Authored by fhahn on Apr 18 2017, 3:58 PM.

Details

Summary

This patch introduces the runtime components of a type sanitizer: a sanitizer for type-based aliasing violations.

C/C++ have type-based aliasing rules, and LLVM's optimizer can exploit these given TBAA metadata added by Clang. Roughly, a pointer of given type cannot be used to access an object of a different type (with, of course, certain exceptions). Unfortunately, there's a lot of code in the wild that violates these rules (e.g. for type punning), and such code often must be built with -fno-strict-aliasing. Performance is often sacrificed as a result. Part of the problem is the difficulty of finding TBAA violations. Hopefully, this sanitizer will help.

For each TBAA type-access descriptor, encoded in LLVM's IR using metadata, the corresponding instrumentation pass generates descriptor tables. Thus, for each type (and access descriptor), we have a unique pointer representation. Excepting anonymous-namespace types, these tables are comdat, so the pointer values should be unique across the program. The descriptors refer to other descriptors to form a type aliasing tree (just like LLVM's TBAA metadata does). The instrumentation handles the "fast path" (where the types match exactly and no partial-overlaps are detected), and defers to the runtime to handle all of the more-complicated cases. The runtime, of course, is also responsible for reporting errors when those are detected.

The runtime uses essentially the same shadow memory region as tsan, and we use 8 bytes of shadow memory, the size of the pointer to the type descriptor, for every byte of accessed data in the program. The value 0 is used to represent an unknown type. The value -1 is used to represent an interior byte (a byte that is part of a type, but not the first byte). The instrumentation first checks for an exact match between the type of the current access and the type for that address recorded in the shadow memory. If it matches, it then checks the shadow for the remainder of the bytes in the type to make sure that they're all -1. If not, we call the runtime. If the exact match fails, we next check if the value is 0 (i.e. unknown). If it is, then we check the shadow for the remainder of the byes in the type (to make sure they're all 0). If they're not, we call the runtime. We then set the shadow for the access address and set the shadow for the remaining bytes in the type to -1 (i.e. marking them as interior bytes). If the type indicated by the shadow memory for the access address is neither an exact match nor 0, we call the runtime.

The instrumentation pass inserts calls to the memset intrinsic to set the memory updated by memset, memcpy, and memmove, as well as allocas/byval (and for lifetime.start/end) to reset the shadow memory to reflect that the type is now unknown.
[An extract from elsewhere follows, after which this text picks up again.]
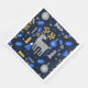 Herrliches Bild auf Papierservietten im skandinavischen Stil mit Hirsch und anderen Weihnachtselementen. Lebhafte Farben in königsblau, marineblau, grau und gelb.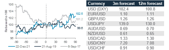 Although we expect further upside in the EUR on the back of the ECB’s hawkish guidance, we lower our 12-month forecast as renewed hawkishness from the Fed, the RBA and the BoC means that interest rate differentials for the EUR may narrow less than previously expected. GBP/USD is likely to decline over the next three months as we believe markets have overpriced the number of BoE rate hikes, and a recalibration lower could weigh on the pair. Improvement in China’s growth expectations should lead to modest appreciation for the CNH and commodity currencies – the AUD, the NZD and the CAD.

The runtime intercepts memset, memcpy, etc. to perform the same function for the library calls.

The runtime essentially repeats these checks, but uses the full TBAA algorithm, just as the compiler does, to determine when two types are permitted to alias. In a situation where access overlap has occurred and aliasing is not permitted, an error is generated.

Clang's TBAA representation currently has a problem representing unions, as demonstrated by the one XFAIL'd test. We'll update the TBAA representation to fix this, and at the same time, update the sanitizer.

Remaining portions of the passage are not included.